Records provided:
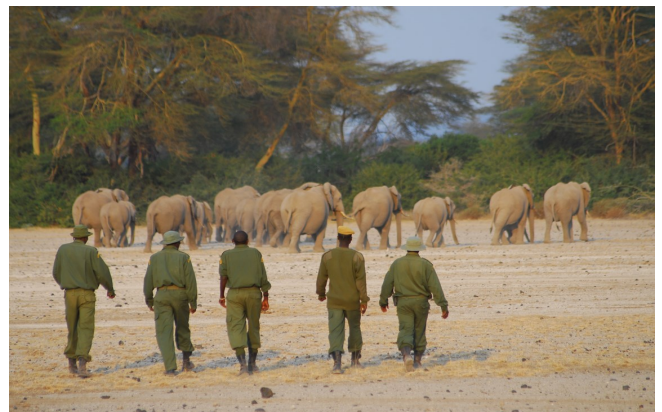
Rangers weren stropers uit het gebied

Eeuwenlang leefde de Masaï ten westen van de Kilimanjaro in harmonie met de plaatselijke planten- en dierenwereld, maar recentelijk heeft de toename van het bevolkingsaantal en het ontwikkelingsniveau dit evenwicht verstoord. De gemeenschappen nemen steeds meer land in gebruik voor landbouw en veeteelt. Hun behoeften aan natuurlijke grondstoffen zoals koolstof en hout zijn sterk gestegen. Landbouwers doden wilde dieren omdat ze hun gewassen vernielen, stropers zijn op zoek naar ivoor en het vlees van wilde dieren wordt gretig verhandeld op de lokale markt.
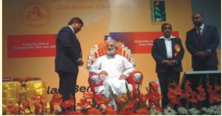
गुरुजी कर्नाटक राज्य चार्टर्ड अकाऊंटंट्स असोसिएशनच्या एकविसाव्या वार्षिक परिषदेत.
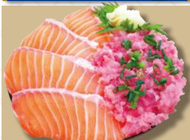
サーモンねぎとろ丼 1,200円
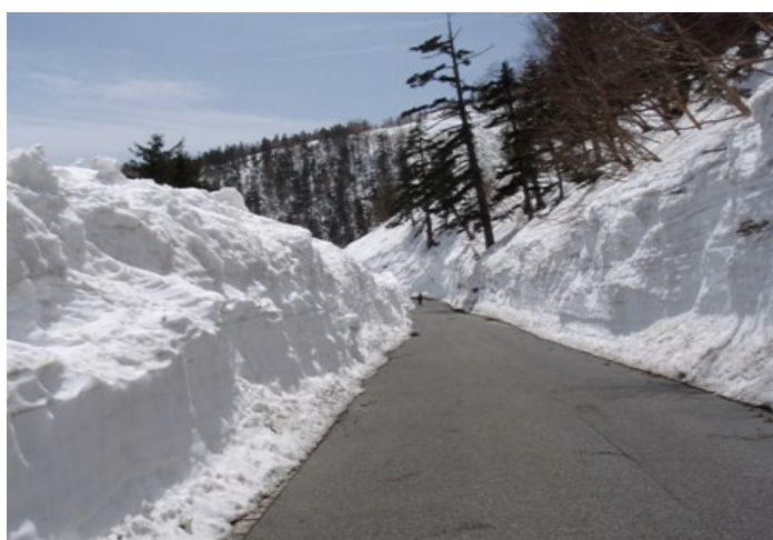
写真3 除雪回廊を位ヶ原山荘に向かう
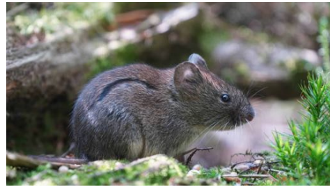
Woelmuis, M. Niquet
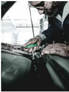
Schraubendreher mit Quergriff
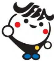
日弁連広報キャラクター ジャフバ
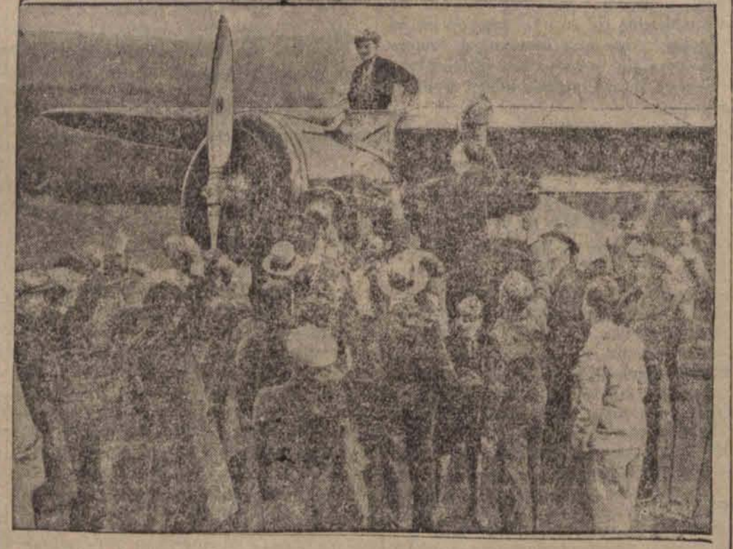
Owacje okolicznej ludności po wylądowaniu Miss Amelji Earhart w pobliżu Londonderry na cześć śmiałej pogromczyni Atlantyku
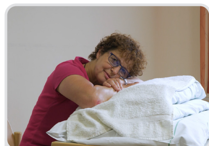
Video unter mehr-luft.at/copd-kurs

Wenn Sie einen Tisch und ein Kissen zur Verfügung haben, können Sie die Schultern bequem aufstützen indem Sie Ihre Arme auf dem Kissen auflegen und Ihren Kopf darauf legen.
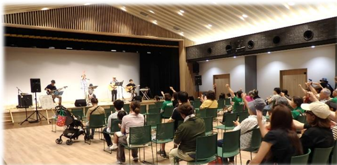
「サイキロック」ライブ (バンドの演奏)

...

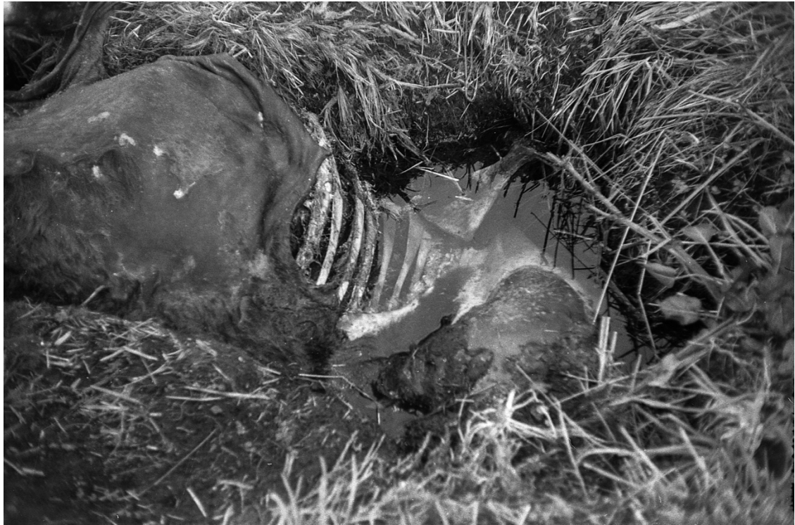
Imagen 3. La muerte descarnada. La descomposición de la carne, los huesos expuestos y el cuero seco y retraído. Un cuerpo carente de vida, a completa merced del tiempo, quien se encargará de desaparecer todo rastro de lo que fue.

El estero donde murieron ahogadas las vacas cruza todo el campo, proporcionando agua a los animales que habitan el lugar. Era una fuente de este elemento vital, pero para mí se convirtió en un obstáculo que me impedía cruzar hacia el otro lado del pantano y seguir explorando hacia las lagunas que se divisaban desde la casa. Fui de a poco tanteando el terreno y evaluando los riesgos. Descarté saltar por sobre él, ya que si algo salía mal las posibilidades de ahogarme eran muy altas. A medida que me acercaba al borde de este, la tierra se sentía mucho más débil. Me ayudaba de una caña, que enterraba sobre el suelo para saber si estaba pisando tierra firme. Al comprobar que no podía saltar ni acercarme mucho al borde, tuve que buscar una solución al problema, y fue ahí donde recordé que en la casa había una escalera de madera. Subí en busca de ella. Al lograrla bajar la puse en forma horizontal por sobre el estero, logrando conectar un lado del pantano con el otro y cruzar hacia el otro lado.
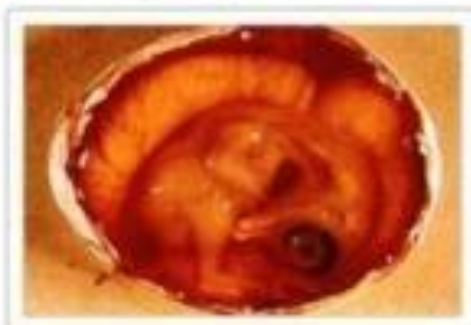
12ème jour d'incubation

==

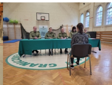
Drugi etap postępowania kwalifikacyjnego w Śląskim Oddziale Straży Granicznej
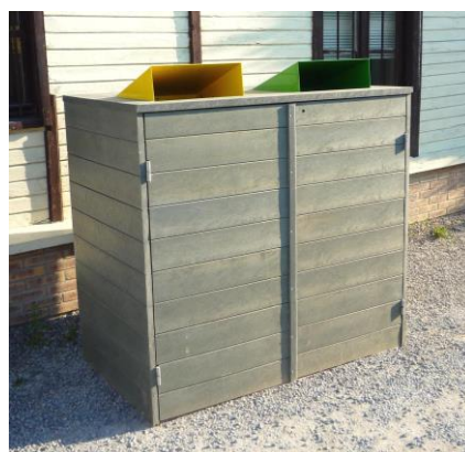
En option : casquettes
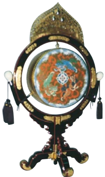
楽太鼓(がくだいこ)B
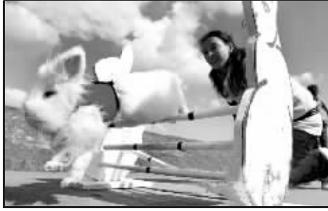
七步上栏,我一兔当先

What to do: Print the part of the listing above that opens with the line containing "Rangers weren stropers uit het gebied" and closes with the line containing "Video unter mehr-luft.at/copd-kurs". Copy it exactly, both ends included, and omit the pictures.

Solution to this problem:
Rangers weren stropers uit het gebied

Eeuwenlang leefde de Masaï ten westen van de Kilimanjaro in harmonie met de plaatselijke planten- en dierenwereld, maar recentelijk heeft de toename van het bevolkingsaantal en het ontwikkelingsniveau dit evenwicht verstoord. De gemeenschappen nemen steeds meer land in gebruik voor landbouw en veeteelt. Hun behoeften aan natuurlijke grondstoffen zoals koolstof en hout zijn sterk gestegen. Landbouwers doden wilde dieren omdat ze hun gewassen vernielen, stropers zijn op zoek naar ivoor en het vlees van wilde dieren wordt gretig verhandeld op de lokale markt.
गुरुजी कर्नाटक राज्य चार्टर्ड अकाऊंटंट्स असोसिएशनच्या एकविसाव्या वार्षिक परिषदेत.
サーモンねぎとろ丼 1,200円
写真3 除雪回廊を位ヶ原山荘に向かう
Woelmuis, M. Niquet
Schraubendreher mit Quergriff
日弁連広報キャラクター ジャフバ
Owacje okolicznej ludności po wylądowaniu Miss Amelji Earhart w pobliżu Londonderry na cześć śmiałej pogromczyni Atlantyku
Video unter mehr-luft.at/copd-kurs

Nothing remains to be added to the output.